Entries shown section start
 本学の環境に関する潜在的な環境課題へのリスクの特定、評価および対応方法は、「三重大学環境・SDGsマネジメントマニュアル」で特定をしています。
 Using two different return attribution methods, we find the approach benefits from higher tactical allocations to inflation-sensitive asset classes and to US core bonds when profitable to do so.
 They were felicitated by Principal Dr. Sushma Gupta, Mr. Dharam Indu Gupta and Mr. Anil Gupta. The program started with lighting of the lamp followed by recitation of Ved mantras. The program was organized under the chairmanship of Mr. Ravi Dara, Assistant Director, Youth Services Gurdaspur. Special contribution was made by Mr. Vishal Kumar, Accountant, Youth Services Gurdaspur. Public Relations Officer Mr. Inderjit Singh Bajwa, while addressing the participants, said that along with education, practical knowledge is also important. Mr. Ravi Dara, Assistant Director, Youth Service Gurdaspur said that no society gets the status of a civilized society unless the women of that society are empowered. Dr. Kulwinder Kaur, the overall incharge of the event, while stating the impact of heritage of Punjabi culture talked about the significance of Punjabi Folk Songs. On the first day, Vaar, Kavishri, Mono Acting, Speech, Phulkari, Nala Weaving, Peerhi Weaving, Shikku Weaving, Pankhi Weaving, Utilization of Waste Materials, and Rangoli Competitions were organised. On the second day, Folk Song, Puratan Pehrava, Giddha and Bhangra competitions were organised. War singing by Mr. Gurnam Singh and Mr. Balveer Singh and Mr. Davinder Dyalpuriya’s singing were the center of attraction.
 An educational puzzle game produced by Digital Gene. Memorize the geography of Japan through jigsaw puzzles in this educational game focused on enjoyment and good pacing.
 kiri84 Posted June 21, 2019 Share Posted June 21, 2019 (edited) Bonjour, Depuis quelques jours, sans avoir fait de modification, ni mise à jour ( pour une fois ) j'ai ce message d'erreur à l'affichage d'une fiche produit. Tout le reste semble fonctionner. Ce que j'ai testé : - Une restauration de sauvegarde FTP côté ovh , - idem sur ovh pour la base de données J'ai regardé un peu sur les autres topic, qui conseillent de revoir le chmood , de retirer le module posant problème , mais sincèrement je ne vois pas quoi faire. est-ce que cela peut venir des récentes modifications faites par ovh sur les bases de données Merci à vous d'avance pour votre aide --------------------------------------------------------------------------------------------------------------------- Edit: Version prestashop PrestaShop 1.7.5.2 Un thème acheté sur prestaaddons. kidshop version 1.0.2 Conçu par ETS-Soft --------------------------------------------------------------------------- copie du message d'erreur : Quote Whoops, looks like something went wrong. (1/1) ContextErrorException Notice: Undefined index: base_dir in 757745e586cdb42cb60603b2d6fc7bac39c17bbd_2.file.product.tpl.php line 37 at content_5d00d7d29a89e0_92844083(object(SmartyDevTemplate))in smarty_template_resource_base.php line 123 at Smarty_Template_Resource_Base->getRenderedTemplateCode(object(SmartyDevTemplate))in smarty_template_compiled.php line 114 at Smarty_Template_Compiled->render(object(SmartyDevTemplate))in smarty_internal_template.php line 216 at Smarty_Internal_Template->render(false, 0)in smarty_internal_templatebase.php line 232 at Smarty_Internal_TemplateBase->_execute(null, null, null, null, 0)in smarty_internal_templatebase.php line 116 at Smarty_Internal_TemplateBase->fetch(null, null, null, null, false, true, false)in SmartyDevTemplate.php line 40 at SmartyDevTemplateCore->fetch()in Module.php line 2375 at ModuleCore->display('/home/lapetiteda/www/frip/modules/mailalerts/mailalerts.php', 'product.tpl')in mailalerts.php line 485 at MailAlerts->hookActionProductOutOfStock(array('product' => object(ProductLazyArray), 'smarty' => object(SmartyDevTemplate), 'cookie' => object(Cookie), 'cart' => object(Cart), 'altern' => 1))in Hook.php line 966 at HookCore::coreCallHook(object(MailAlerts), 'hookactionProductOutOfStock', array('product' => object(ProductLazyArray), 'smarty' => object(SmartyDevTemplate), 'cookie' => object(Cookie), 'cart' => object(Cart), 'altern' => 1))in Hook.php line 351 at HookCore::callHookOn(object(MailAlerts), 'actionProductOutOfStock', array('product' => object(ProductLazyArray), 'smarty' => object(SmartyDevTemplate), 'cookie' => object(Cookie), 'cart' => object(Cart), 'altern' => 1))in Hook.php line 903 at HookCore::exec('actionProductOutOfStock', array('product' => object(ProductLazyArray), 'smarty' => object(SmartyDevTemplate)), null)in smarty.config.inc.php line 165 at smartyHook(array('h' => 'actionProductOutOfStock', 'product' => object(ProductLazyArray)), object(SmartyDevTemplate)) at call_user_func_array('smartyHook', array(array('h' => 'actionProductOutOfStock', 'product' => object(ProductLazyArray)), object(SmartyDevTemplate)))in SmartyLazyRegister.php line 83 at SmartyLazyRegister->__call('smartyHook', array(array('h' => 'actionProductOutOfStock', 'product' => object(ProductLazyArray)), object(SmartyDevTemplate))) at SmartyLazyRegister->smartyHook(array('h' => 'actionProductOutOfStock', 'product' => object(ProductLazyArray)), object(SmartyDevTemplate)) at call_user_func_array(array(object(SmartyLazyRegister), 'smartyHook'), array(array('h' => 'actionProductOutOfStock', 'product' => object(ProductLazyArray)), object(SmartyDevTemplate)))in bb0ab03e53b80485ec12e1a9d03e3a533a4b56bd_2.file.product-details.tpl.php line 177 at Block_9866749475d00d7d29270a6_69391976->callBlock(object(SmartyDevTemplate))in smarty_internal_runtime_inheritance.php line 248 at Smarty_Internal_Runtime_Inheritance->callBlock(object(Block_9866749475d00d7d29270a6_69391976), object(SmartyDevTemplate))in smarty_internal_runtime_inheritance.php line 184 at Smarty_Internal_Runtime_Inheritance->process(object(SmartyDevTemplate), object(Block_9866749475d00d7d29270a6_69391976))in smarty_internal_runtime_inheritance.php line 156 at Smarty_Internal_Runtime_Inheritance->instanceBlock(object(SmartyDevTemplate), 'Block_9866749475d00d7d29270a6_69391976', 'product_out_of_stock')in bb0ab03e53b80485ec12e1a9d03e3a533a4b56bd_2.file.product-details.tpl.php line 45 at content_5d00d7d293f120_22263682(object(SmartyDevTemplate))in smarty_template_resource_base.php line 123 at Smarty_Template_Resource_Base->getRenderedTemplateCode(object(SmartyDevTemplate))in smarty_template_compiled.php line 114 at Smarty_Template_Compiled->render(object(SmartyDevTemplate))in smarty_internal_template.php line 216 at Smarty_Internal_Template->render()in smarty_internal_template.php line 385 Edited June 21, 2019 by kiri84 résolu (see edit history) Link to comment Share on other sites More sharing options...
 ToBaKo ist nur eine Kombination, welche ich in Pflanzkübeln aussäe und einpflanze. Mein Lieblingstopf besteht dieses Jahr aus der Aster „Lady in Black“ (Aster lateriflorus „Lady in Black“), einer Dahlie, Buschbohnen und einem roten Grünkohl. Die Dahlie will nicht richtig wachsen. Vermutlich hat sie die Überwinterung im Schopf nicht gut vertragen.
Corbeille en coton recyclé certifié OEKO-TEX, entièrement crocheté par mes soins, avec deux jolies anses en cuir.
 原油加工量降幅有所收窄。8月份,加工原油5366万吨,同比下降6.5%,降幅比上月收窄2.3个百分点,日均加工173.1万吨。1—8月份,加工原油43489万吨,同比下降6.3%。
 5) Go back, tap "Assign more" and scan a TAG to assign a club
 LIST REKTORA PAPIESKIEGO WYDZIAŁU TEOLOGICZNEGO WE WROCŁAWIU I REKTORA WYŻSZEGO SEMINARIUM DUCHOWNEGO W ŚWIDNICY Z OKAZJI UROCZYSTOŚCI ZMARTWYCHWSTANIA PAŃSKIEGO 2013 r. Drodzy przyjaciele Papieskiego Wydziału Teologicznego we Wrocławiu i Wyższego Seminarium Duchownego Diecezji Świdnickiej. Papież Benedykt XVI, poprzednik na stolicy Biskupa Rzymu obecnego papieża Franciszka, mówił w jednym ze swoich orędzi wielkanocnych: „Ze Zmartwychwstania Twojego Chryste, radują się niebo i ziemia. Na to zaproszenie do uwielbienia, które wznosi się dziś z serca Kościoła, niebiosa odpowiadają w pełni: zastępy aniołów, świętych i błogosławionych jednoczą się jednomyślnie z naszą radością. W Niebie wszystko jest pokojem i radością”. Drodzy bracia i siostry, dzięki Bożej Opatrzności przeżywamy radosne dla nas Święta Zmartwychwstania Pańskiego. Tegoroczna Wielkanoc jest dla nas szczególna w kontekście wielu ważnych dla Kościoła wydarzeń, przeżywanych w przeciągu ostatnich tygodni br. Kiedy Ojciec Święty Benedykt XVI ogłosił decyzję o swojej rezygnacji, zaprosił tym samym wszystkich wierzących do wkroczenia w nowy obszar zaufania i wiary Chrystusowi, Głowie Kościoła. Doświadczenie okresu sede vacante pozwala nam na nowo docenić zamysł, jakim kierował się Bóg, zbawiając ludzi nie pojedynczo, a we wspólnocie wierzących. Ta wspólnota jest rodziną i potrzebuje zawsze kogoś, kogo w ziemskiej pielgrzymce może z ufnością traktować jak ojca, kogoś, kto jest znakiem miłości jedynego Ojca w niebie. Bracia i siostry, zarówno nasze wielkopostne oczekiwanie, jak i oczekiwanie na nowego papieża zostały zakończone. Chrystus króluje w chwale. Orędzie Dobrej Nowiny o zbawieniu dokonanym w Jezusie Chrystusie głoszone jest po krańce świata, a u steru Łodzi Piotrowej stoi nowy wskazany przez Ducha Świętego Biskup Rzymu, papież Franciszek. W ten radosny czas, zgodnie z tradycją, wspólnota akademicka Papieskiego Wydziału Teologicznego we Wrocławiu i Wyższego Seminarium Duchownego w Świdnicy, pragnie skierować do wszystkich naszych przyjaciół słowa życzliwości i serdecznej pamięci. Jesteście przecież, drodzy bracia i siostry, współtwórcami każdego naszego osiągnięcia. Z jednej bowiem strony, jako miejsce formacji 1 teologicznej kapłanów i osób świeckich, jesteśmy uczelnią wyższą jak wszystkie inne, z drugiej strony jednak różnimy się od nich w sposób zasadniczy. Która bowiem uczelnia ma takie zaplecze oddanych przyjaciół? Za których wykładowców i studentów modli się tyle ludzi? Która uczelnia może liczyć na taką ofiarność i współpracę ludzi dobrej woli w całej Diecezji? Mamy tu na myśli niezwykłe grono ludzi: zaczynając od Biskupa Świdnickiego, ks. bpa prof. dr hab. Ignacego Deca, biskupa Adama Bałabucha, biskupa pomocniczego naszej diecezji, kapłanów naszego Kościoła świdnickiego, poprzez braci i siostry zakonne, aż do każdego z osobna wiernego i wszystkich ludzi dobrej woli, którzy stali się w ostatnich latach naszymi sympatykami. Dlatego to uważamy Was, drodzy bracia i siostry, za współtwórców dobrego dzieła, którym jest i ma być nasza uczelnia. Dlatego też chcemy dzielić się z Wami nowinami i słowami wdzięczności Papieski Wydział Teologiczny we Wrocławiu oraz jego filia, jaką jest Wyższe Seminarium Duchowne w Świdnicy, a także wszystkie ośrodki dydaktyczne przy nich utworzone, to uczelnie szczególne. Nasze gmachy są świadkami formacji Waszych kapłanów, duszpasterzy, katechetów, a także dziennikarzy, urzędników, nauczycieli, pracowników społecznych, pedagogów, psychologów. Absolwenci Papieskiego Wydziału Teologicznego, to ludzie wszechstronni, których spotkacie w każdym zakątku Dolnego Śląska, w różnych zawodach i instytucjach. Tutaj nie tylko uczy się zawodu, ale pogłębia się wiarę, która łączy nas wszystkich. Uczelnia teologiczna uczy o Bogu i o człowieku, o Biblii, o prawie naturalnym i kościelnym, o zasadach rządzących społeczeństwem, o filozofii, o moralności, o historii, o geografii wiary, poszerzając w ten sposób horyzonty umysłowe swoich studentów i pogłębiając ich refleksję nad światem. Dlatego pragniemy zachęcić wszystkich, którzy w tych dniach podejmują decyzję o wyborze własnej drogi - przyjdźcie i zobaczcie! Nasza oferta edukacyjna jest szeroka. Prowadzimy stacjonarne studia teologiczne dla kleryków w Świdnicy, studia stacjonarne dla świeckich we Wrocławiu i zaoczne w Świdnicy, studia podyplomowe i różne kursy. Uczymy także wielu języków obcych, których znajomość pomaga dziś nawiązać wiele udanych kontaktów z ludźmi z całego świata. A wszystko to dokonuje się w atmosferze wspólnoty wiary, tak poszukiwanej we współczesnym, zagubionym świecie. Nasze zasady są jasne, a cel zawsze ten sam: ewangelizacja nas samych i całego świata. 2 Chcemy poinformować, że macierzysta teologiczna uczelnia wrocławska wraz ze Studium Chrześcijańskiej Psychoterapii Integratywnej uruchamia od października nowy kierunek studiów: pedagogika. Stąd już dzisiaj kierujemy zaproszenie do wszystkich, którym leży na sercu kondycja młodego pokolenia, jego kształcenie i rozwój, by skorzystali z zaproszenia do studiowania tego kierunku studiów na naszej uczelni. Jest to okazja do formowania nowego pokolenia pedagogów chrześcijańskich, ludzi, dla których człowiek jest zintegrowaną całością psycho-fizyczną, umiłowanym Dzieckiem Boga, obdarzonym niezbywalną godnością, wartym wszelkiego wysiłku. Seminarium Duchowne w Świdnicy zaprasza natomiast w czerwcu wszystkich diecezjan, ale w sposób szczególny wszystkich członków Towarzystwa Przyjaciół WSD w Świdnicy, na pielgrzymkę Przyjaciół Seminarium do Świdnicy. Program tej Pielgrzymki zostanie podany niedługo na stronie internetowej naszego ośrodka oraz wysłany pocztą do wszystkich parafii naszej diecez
Entries shown section end
Begin at the first line of the entries above and copy every line exactly, ending with the line that contains "Using two different".

 本学の環境に関する潜在的な環境課題へのリスクの特定、評価および対応方法は、「三重大学環境・SDGsマネジメントマニュアル」で特定をしています。
 Using two different return attribution methods, we find the approach benefits from higher tactical allocations to inflation-sensitive asset classes and to US core bonds when profitable to do so.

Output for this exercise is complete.